Breaking News
Trending Tags
Beranda » JOGJA ISTIMEWA » Banjir Hoaks Informasi Kesehatan di Medsos, Guru Besar UGM Beberkan Cara Menyaringnya

Banjir Hoaks Informasi Kesehatan di Medsos, Guru Besar UGM Beberkan Cara Menyaringnya

  • account_circle Warjono
  • calendar_month Kam, 15 Jan 2026
  • comment 0 komentar

TERAS MALIOBORO–Media sosial kini telah menjelma menjadi “dokter” digital bagi banyak orang. Dari tips diet viral hingga klaim obat “ajaib”, segala informasi kesehatan tersedia hanya dengan sekali sentuh. Namun, di balik kemudahan itu, tersembunyi ancaman serius: lautan informasi yang tidak akurat, bahkan berpotensi membahayakan.

Prof. apt.
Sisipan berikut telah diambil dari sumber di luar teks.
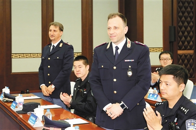 4月24日,参加中意警务联合巡逻的警员(前排)在北京出席启动仪式。 当日,中意警务联合巡逻启动仪式在公安部举行。从4月24日至5月7日,来自意大利的4名警员将与中国公安民警在北京和上海有关旅游景区开展为期两周的联合巡逻,意方警员将协助中方警员处理与意大利游客安全有关的问题。此后,中国公安民警将于6月初赴意大利,与意警方在当地开展联巡。 新华社发

Zullies Ikawati, Ph.D., Guru Besar Fakultas Farmasi UGM, mengakui fenomena ini sebagai “pedang bermata dua”. Sejak pandemi COVID-19, Organisasi Kesehatan Dunia (WHO) bahkan memperkenalkan istilah infodemic – banjir informasi campur aduk antara fakta, opini, dan hoaks, yang membuat masyarakat kebingungan.

“Infodemic tidak berhenti setelah pandemi. Justru terus berlanjut dalam isu kesehatan sehari-hari, mulai dari obat “ajaib” hingga terapi alternatif tanpa dasar ilmiah,” tegas Prof. Zullies di Fakultas Farmasi UGM, Rabu (14/1/2026).

Hampir Separuh Konten Vaksin Adalah Misinformasi

Data yang dipaparkan Prof. Zullies sangat mencengangkan. Studi menunjukkan, proporsi misinformasi kesehatan di media sosial sangat tinggi, terutama pada topik sensitif:

  • Rokok/Produk Terkait & Obat-obatan: Misinformasi mencapai 87%.
  • Vaksin: Hampir 43% konten mengandung misinformasi atau narasi tidak seimbang.
  • Penyakit (termasuk Kanker & Pandemi): Sekitar 40% misinformasi.
  • Tindakan/Terapi Medis: Sekitar 30% misinformasi.

“Kondisi ini diperparah oleh algoritma media sosial yang cenderung mengangkat konten sensasional, emosional, dan menjanjikan hasil instan, bukan konten yang akurat dan berbasis bukti,” jelasnya.

Di Indonesia, data Kementerian Komunikasi dan Digital (Komdigi) juga mencatat 2.357 isu hoaks kesehatan hingga akhir 2023, menunjukkan betapa rawannya isu ini dimanfaatkan untuk memicu emosi.

Tantangan makin kompleks karena informasi kesehatan sering bercampur aduk dengan promosi produk. BPOM sendiri secara berkala merilis temuan pengawasan produk obat tradisional/suplemen yang tidak memenuhi syarat keamanan dan mutu.

“Informasi kesehatan di ruang digital tidak bisa dipandang netral. Ia sering beririsan dengan kepentingan komersial,” kata Prof. Zullies. Ia mencontohkan temuan BPOM terhadap 79.015 konten obat dan makanan ilegal di e-commerce sepanjang Semester I 2025.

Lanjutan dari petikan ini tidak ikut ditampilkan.